Aldilà del ribaltamento di ruoli e di qualche dettaglio accessorio, è facile riconoscere i profili glitterati dell’influencer Chiara Ferragni e del rapper Fedez nei genitori del bambino, che il protagonista sottrae alla loro custodia in un pomeriggio qualunque, mentre i due sono distrattamente impegnati a scattare selfie in un parco del quartiere milanese CityLife.
L’azione criminale del giovane è l’innesco di un disturbo ossessivo-compulsivo che, in un delirio di coprolalia e libere associazioni, fa sì che la sua mente venga invasa da migliaia di scorie provenienti dall’immaginario trash dell’universo web e televisivo: bavaglio/Marco Travaglio; trans/Luxuria/Vladimir Putin; peggio/Ezio Greggio; tutto/Totti: scarabocchi/Noemi Bocchi e così via (e qui torniamo alla forma che aderisce al contenuto).
Una slavina che finirà per travolgere ogni cosa, scatenando una reazione a catena dagli esiti a metà tra il grottesco e il rivoluzionario.
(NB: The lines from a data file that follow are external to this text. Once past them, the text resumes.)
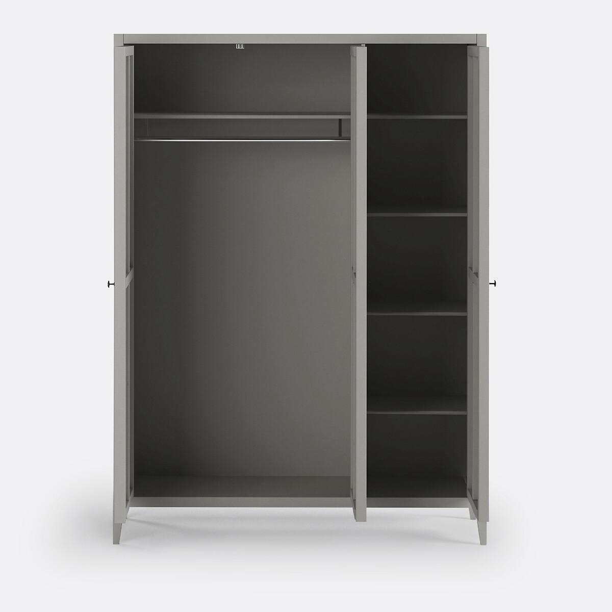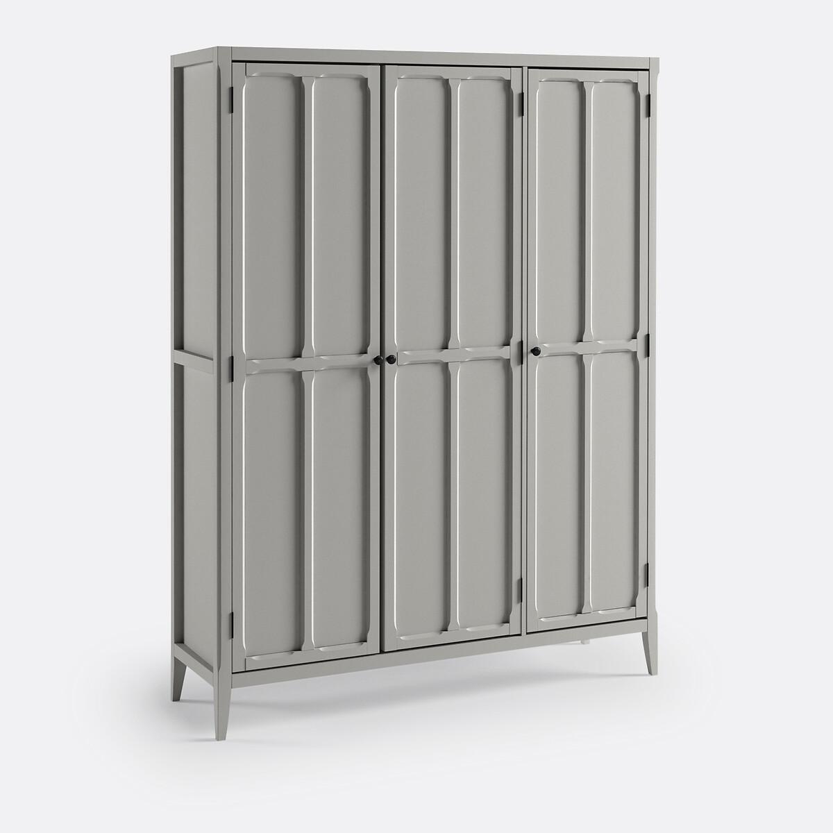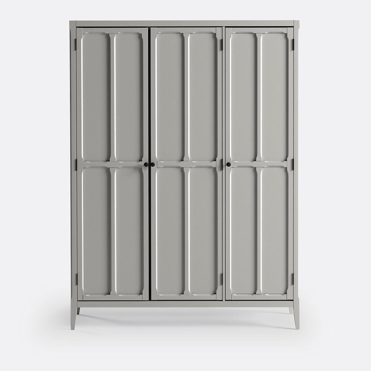 The Eugenie 3-door wardrobe. This range of storage furniture has a family home feel, combining simple lines with original accents, available in a light grey or oak effect. Product Details • 3 doors • 2/3 hanging space, 1/3 shelving • 4 shelves on one side and 1 large shelf above the hanging rail • MDF with a matt nitrocellulose lacquered finish for the grey colour • Oak-veneered MDF • Black metal knobsDimensions. Total: • Width: 145.8 cm • Height: 201cm • Depth: 54cm. Usable dimensions: • Hanging space : L91 x H142 x D47.7 cm • Linen Shelf:L45.5 x H34 x D47.7 cm • Wardrobe Shelf:L91 x H34 x D47.7 cmDelivery:. This product is sold for self-assembly. It will be delivered to your door. Note! Please check that all access points are large enough to accommodate your delivery (doors, stairs, lifts).Dimensions and weight of parcel:3 parcels • 209 x 62 x 16 cm, 40 kg • 146 x 62 x 15.5 cm, 37 kg • 185.5 x 53 x 14 cm, 27 kg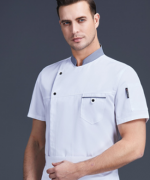 涤棉灰领两扣酒店厨师服短袖上衣YLYS-2020-15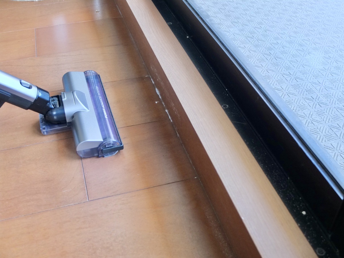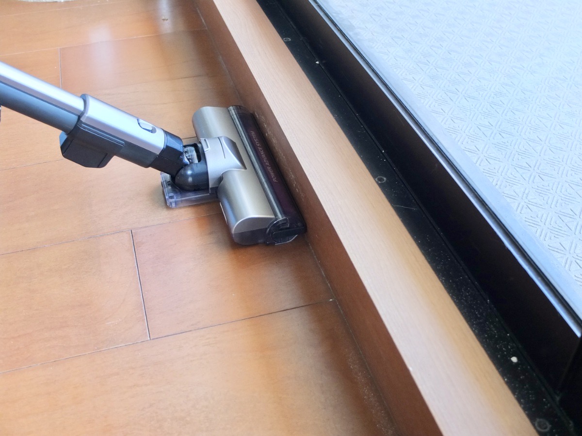 標準質量は1.4kgで、ヘッドブラシは自走性が高く、操作感は軽快です。ただ、他の4機種と比べると、ヘッドの左右の首振りの際にわずかなぎこちなさを感じました。本体が床にペタッとつくので、家具下など高さのないスペースの掃除もスムーズです。ベッド下などでの首振りは、本体位置を下げながら徐々に左右に振ればOK。方向を変えるときは一度ヘッドを外に出すことで問題なく行えました。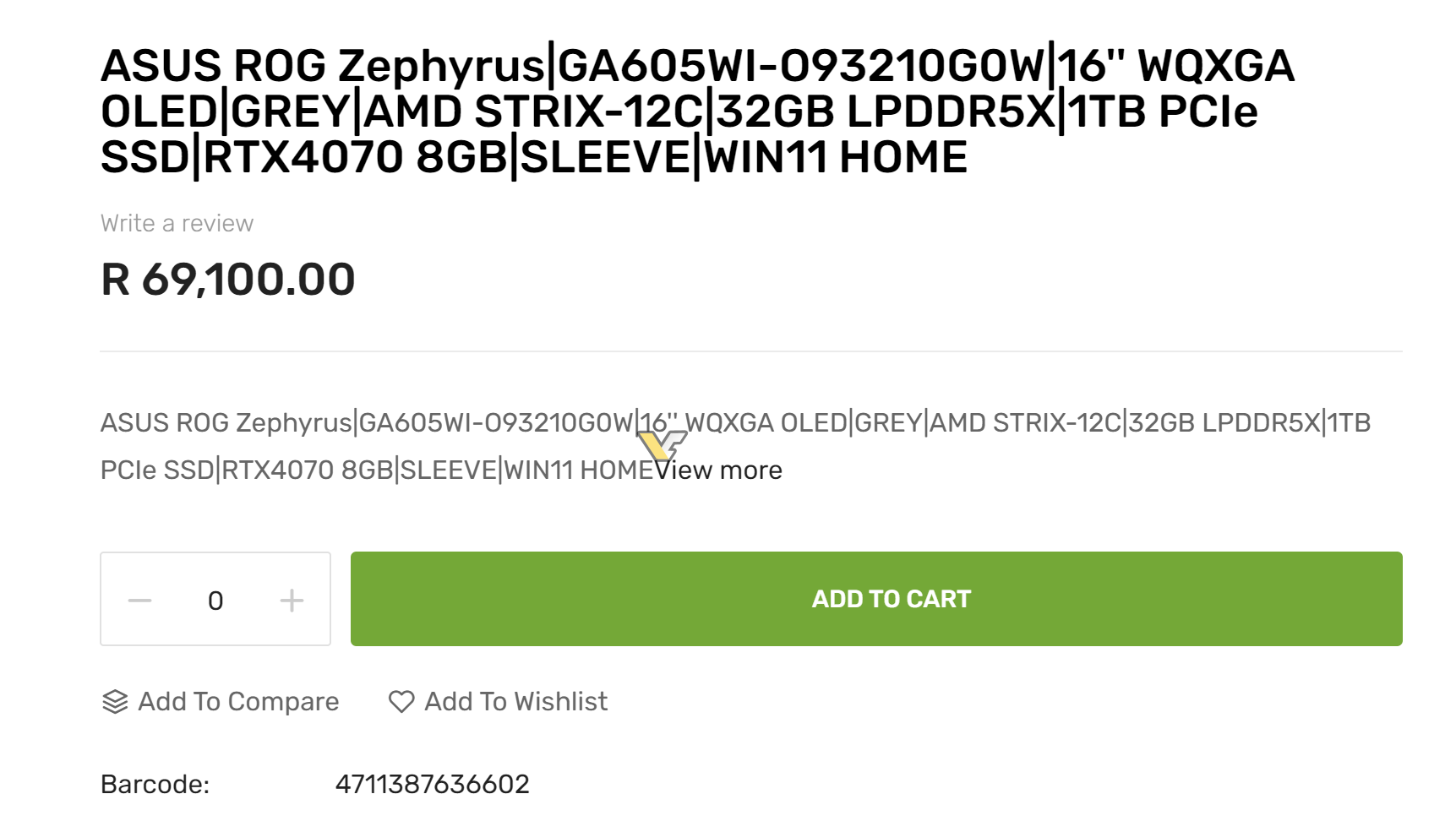 Речь идёт об игровом ноутбуке ASUS ROG Zephyrus G16 (GA605WI-O93210G0W). Это 16-дюймовый лэптоп с неназванным 12-ядерным процессором AMD Strix Point. Его оснащение также включает 32 ГБ оперативной памяти LPDDR5X, терабайтный NVMe-накопитель и видеоадаптер GeForce RTX 4070 Laptop. Новинка была оценена примерно в 3700 долларов США.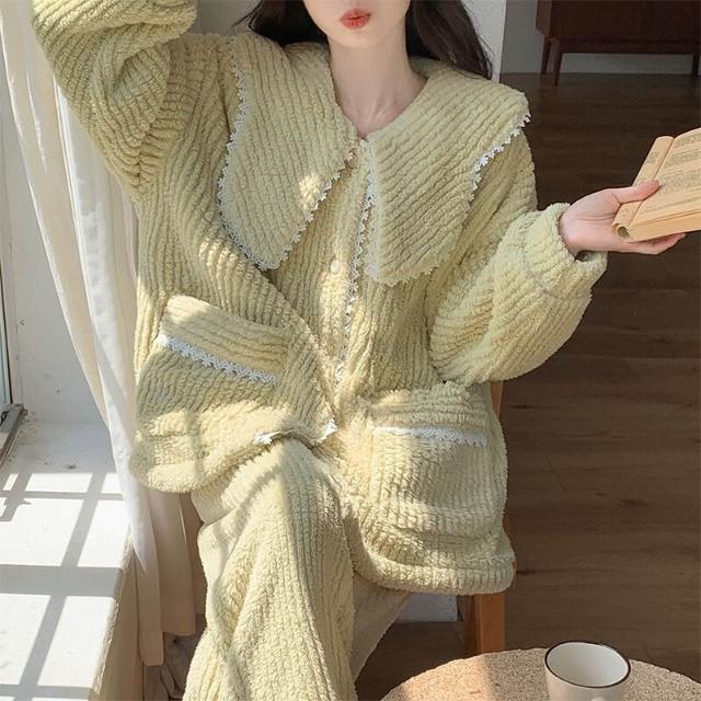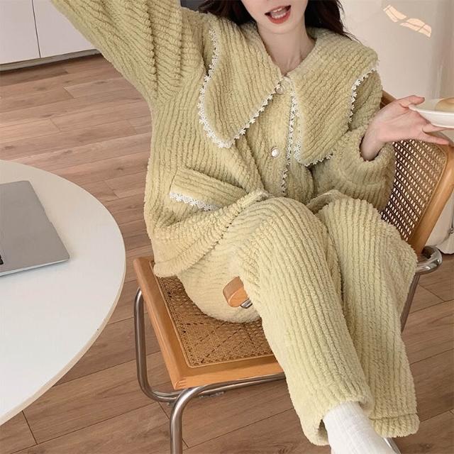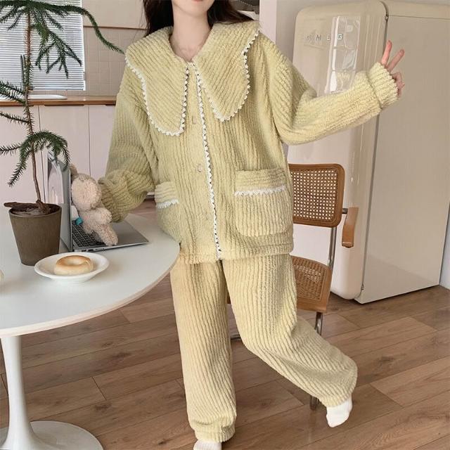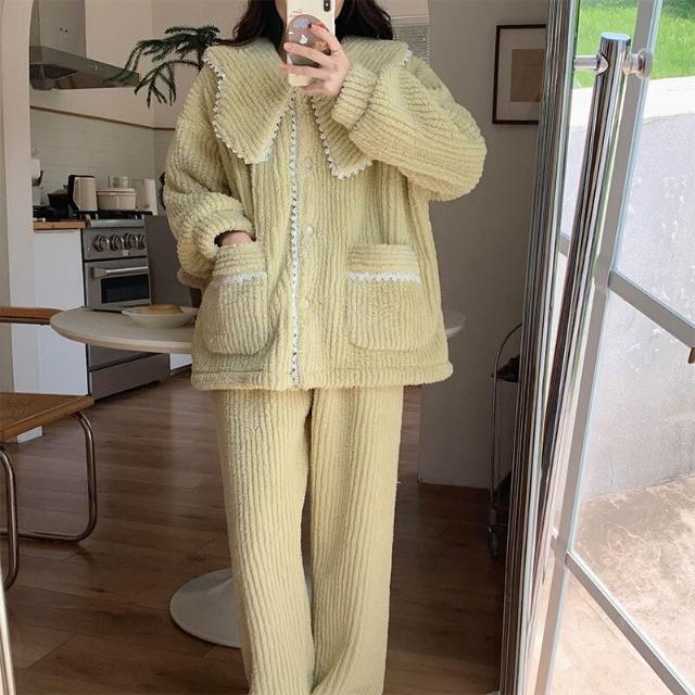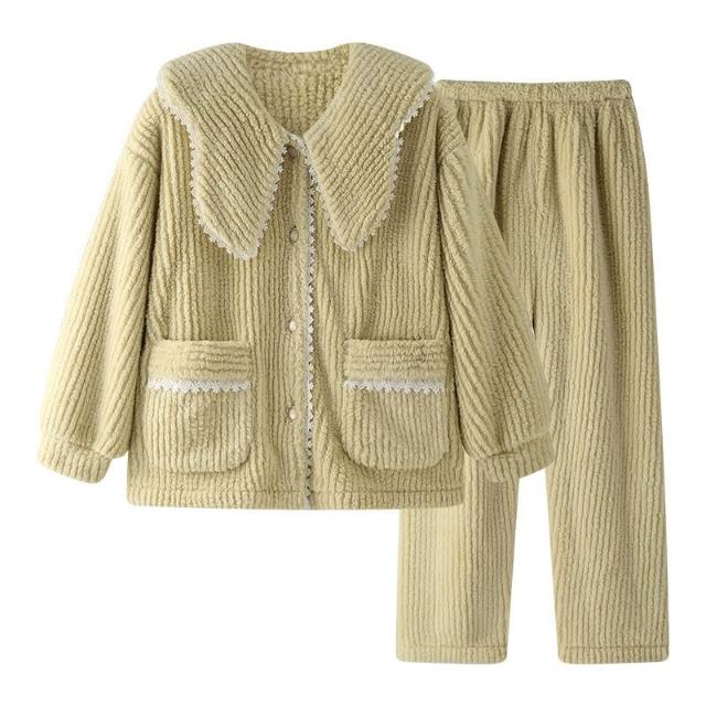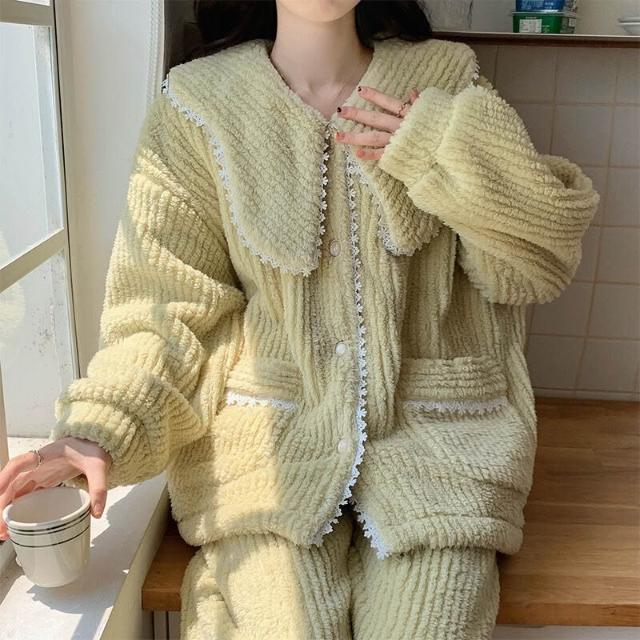 睡衣女士秋冬季珊瑚絨加厚加絨保暖2023新款家居服套裝冬天法蘭絨
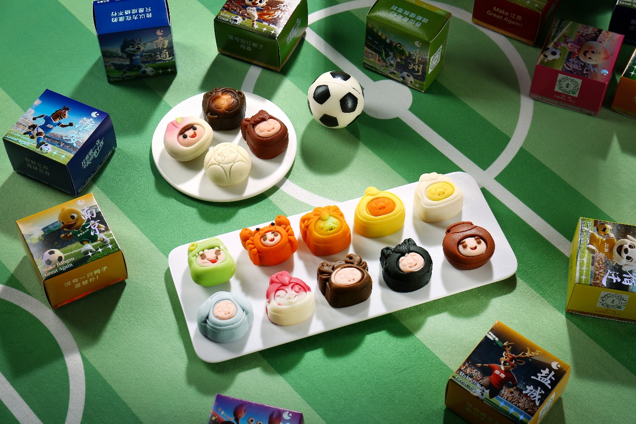 苏州稻香村的健康创新,不止于食材与技术,更延伸到消费场景与文化表达。今年中秋推出的⌈散装江苏十三太保⌋月饼伴手礼,在健康基础上注入趣味:14款吉祥物造型月饼(覆盖江苏13座参赛城市及“友谊第十四”款),食材延续低糖低脂,命名则紧扣城市特色与苏超热梗,如“浪里马(芸沙枸杞淮山药月饼)”、“苏得起(碧螺春茶月饼)”,消费者扫码还能观看“十三太保踢球”动画,实现“健康+趣味”的双重体验。

L’obiettivo del rapitore è chiaro, e l’esecuzione del suo piano finirà col mettere a nudo i meccanismi del successo in un’epoca terminale come quella in cui ci troviamo a vivere.
Sfruttando la fama della coppia di influencer come un parassita, attraverso il rapimento del bambino lo scrittore diventerà a sua volta un personaggio famoso, con un profilo Instagram da milioni di follower e con le case editrici che faranno a gara per contendersi gli stessi romanzi che un tempo avevano bellamente ignorato.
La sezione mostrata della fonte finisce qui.